4th-11th May 2005


Sierra de Gredos



Alvaraz Lagoons

Puerto de Navacerrada


Extremadura, located in central Spain, is a popular destination for birders wanting to see many of the Iberian peninsula's speciality birds, such as Spanish Imperial Eagle, Great Bustard and Azure-winged Magpie. The following pages give a taste of many of the species you are likely to encounter on a spring trip.


Our first port of call was Duraton National Park, near the picturesque town of Sepulveda. The entrance road leading from Villaseca to the Hermitage of San Frutos is an excellent location for viewing a variety of larks, including the elusive Dupont's Lark, and other arid scrub species. Unfortunately, the Dupont's Larks were a bit camera shy when I was there and we only had brief views of flying birds. Luckily, some of the other 5 species of lark we saw (Crested, Thekla, Short-toed, Skylark and Woodlark) were not quite so elusive:

Thekla Lark (Galerida theklae)

Crested Lark (Galerida cristata)

Crested and Thekla Larks are extremely difficult to identify.
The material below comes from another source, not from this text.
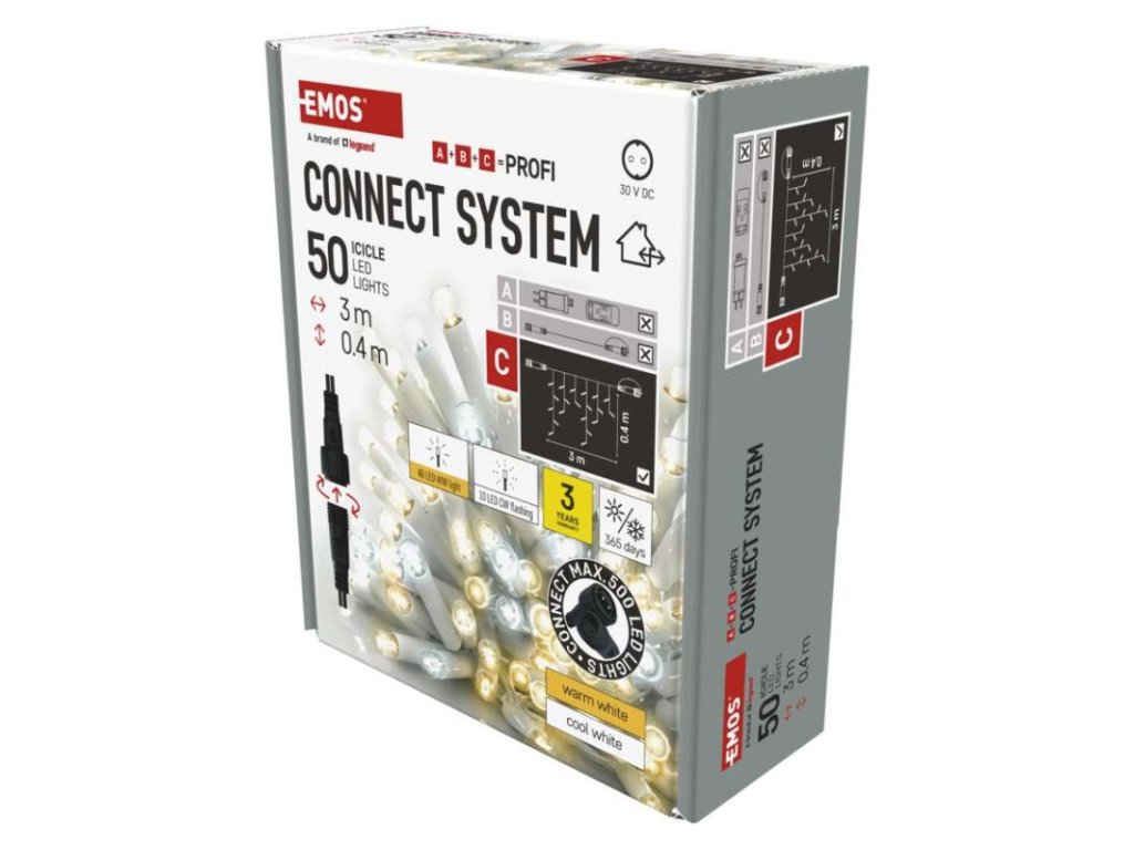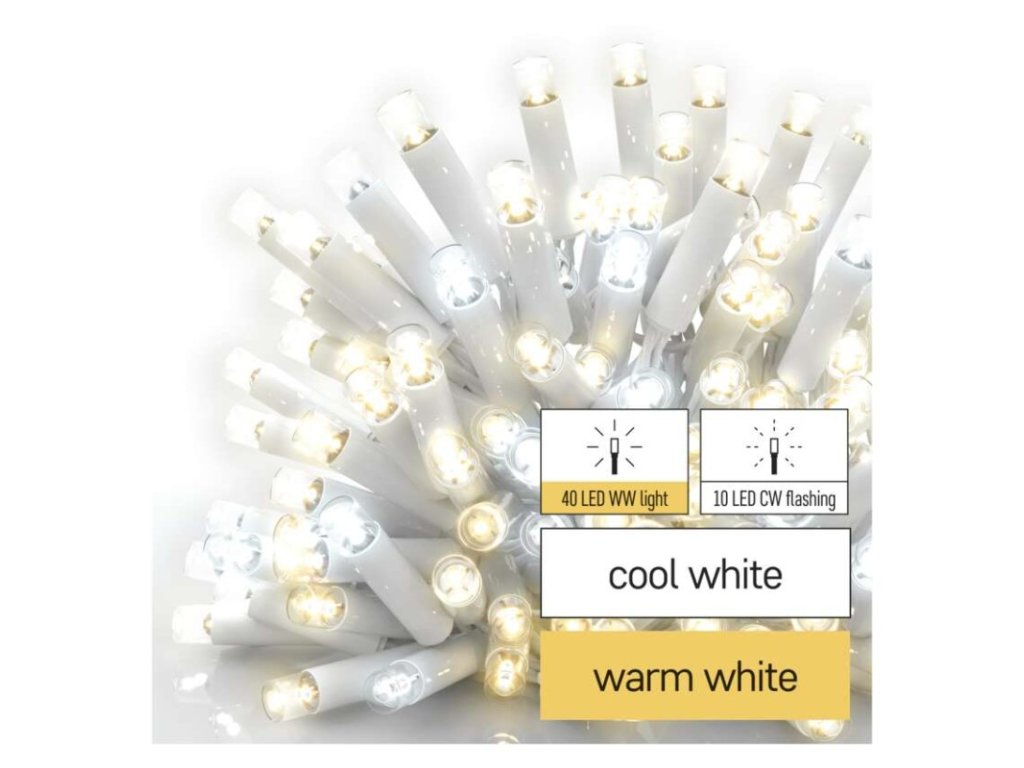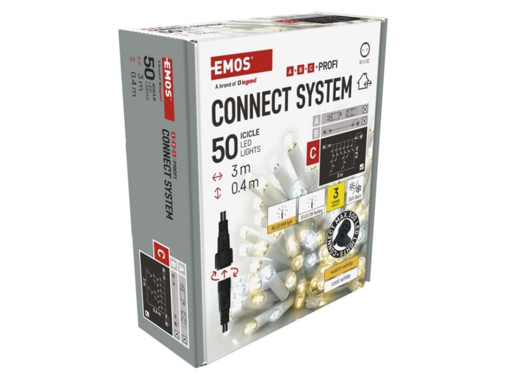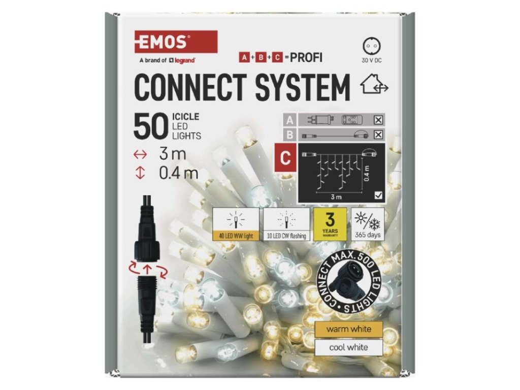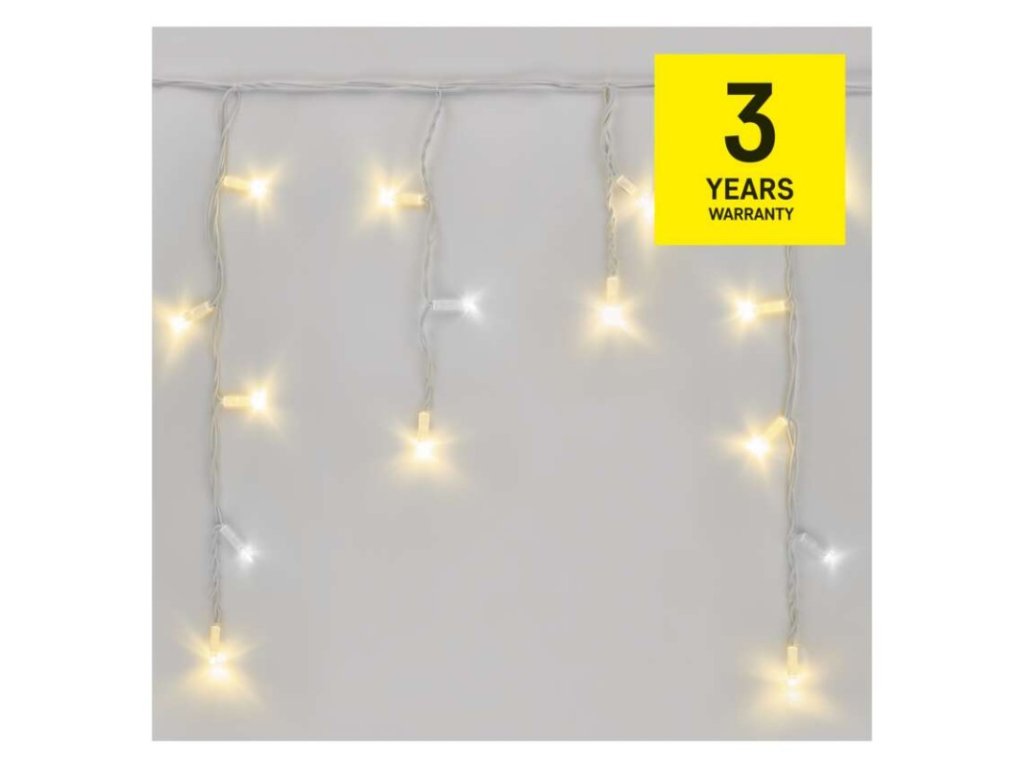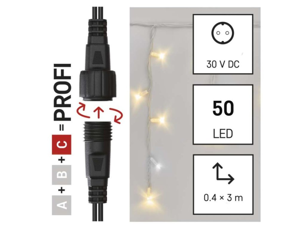 barva drátu: bílá|barva světla: teplá/studená bílá|časovač: neuvádí se|dálkový ovladač: ne|délka přívodu: 10 cm|funkce: svítí/bliká|krytí: IP44|LED mezera: 10 cm|materiál: guma|možnost propojení: ano|počet LED: 50|použití: venkovní i vnitřní|příkon: max. 4 W|prodejní obal: 1 ks, krabice|produkt: krápníky|pro výšku stromu: neuvádí se|rozměr: 3 × 0,4 m|tvar: klasický|typ napájení: síťový adaptér (není součástí balení)|velikost LED: 7 mm|vstupní napětí: 30 V DC|výstupní napětí: neuvádí se|záruční doba: 3 roky|životnost: 10 000 hodin

There is a large degree of variation in plumage between individuals creating a high degree of overlap in their identification features. However, the individuals shown above can be identified on the basis of their bill shape: Thekla has a relatively short bill with a convex lower mandible, giving it an overall 'cuter' facial expression; whereas Crested Larks have a longer bill with a straight edge to their lower mandible.

Short-toed Lark (Calandrella brachydactyla)

Tawny Pipits and Corn Bunting were common...

Tawny Pipit (Anthus campestris)

Corn Bunting (Miliaria calandra)

...and there were also a few Black-eared Wheatears knocking about too.

Black-eared Wheatear (Oenanthe hispanica)

Black-eared Wheatear (Oenanthe hispanica)

Further down towards the Hermitage, the vegetation got a bit bushier and we encountered several other species, such as Orphean Warbler, Cirl Bunting and this Woodchat Shrike...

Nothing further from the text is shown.